February 03, 1999|By JASON MYERS

Any movie in which a woman tries to shove a bushel of apples down the disposal, only to have the apples erupt around her in some effusion of Poe or Dali - red and dense as coagulated blood - cannot be characterized as a tranquil domestic drama.

[cont. from lifestyle]

"In Dreams" is a troubled and troubling movie and probably would be worthless to see, but it was directed by Neil Jordan, a master fantasist whose "The Crying Game" and "The Butcher Boy" are modern grim fairy tales, and it does star Annette Bening, my favorite sexpot, and Robert Downey Jr., my favorite felonious actor.

The woman having trouble digesting the forbidden fruit is Claire Cooper (Bening). She is afflicted by visions of serial child killer Vivian Thompson (Downey), walking with his victims through an apple orchard.
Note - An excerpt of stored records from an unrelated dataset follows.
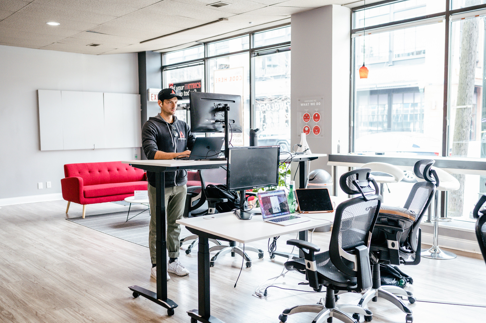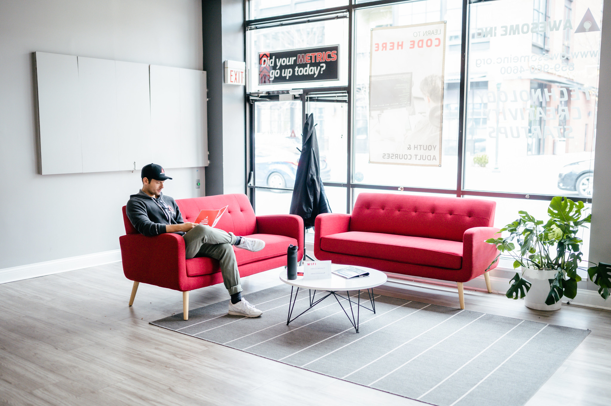 Whether you’re looking for a day pass, full time membership or even just conference room rental, Awesome Inc has got you covered. Members have full time 24/7 access to the workspace including amenities such as high-speed wifi, storage lockers, breakroom and kitchen access, office supplies and equipment as well as mentorship perks.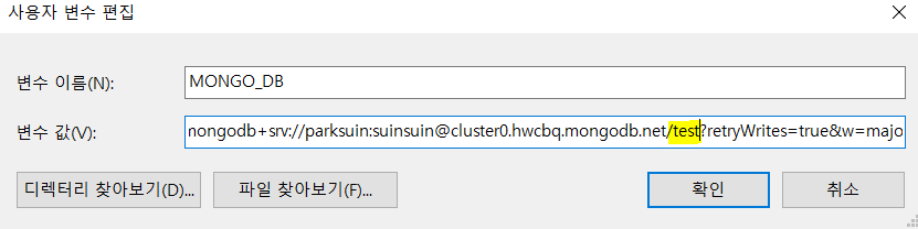 환경변수에 connetion string을 MONGO_DB라는 이름으로 저장하였다.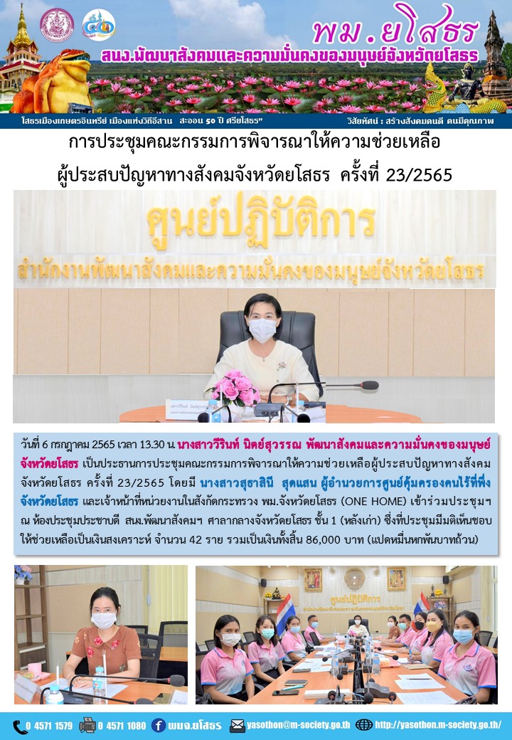 การประชุมคณะกรรมการพิจารณาให้ความช่วยเหลือผู้ประสบปัญหาทางสังคมจังหวัดยโสธร ครั้งที่ 23/2565 (6 กรกฎาคม 2565)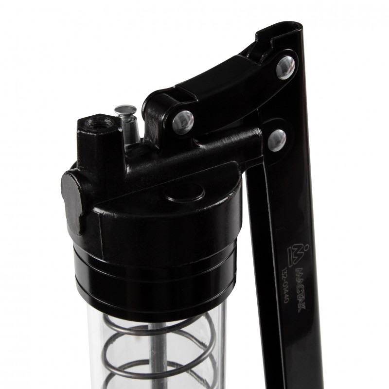 давление – 400 бар (5800 psi) Выпускной воздушный клапан – есть Материалы – алюминий (плунжерная головка), акрил (тубус), сталь (рукоять), ПВХ (защита рукояти), армированный нейлон (гибкий шланг) Упаковка – картонный короб в фирменном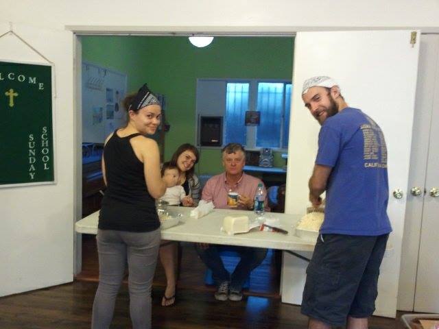 Here are helpers Liz, Ron, Rachael, Luna, Ray on cheese grating duty: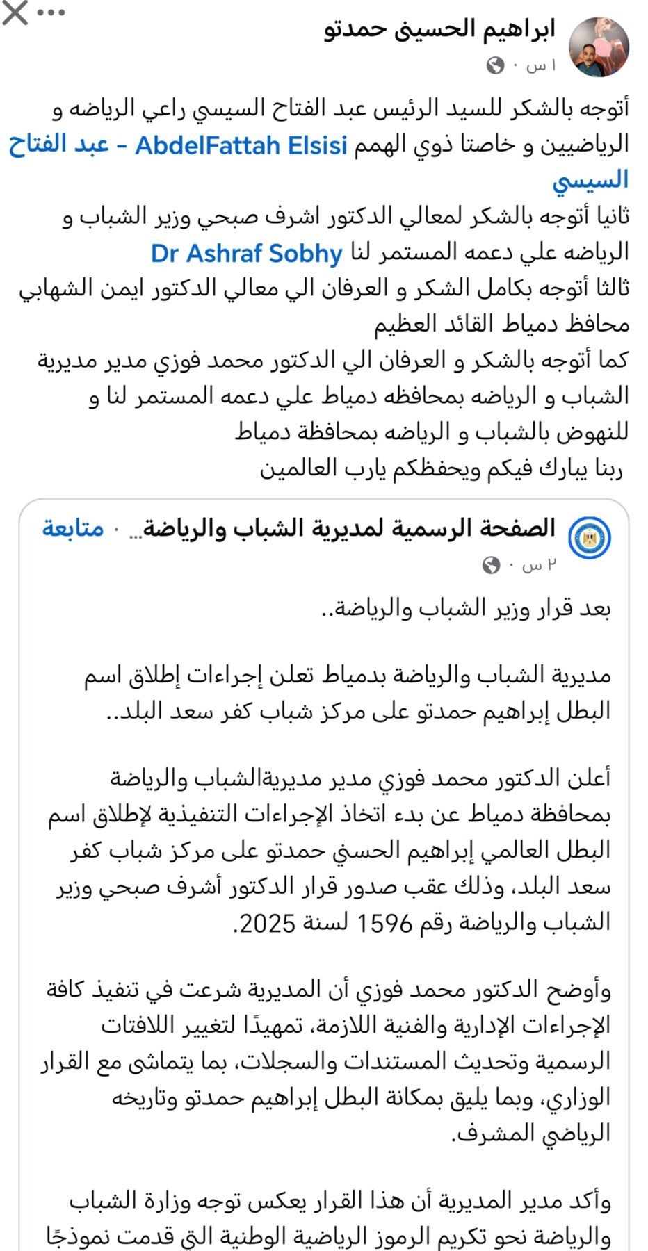 وجاءت رسالة حمدتو عقب اعلان مديرية الشباب والرياضة بدمياط بدء اتخاذ الاجراءات التنفيذية لاطلاق اسم البطل العالمي ابراهيم الحسيني حمدتو على مركز شباب كفر سعد البلد، وذلك بعد صدور قرار وزير الشباب والرياضة الدكتور اشرف صبحي رقم 1596 لسنة 2025.

Jordan escalates the horror of dreams into the horror of reality when Claire's daughter is kidnapped by Vivian.


Jordan's style could not be compared to Hitchcock's, whose mastery was of the mundane. He succeeded in transforming ordinary people into furrows of anxiety and dread. Jordan, as the title of the movie affirms, works at the pace and in the colors - cool greens and burnished reds - of dreams.

The misfortune of working in surrealism is that it is impossible to develop sympathy for a character. While you might not need to have sympathy for a character in surrealist film, the entire purpose of a thriller - which "In Dreams" is, ostensibly - is to rivet an audience with genuine terror.

The relationship between Claire and husband Paul (Aidan Quinn) is never convincing. Claire accuses him of infidelity when she finds a letter in his captain's jacket - Paul is a pilot. But she hardly has time for marital strife with all her fruit acid hallucinations.

The Cooper's happily-ever-after New England estate is sabotaged by the loss of a child and Claire's increasing insanity. Writing on the walls with blood - Claire is occasionally possessed by Vivian, who as a child was locked in a house as the town around him was flooded - certainly will not enhance the resell value.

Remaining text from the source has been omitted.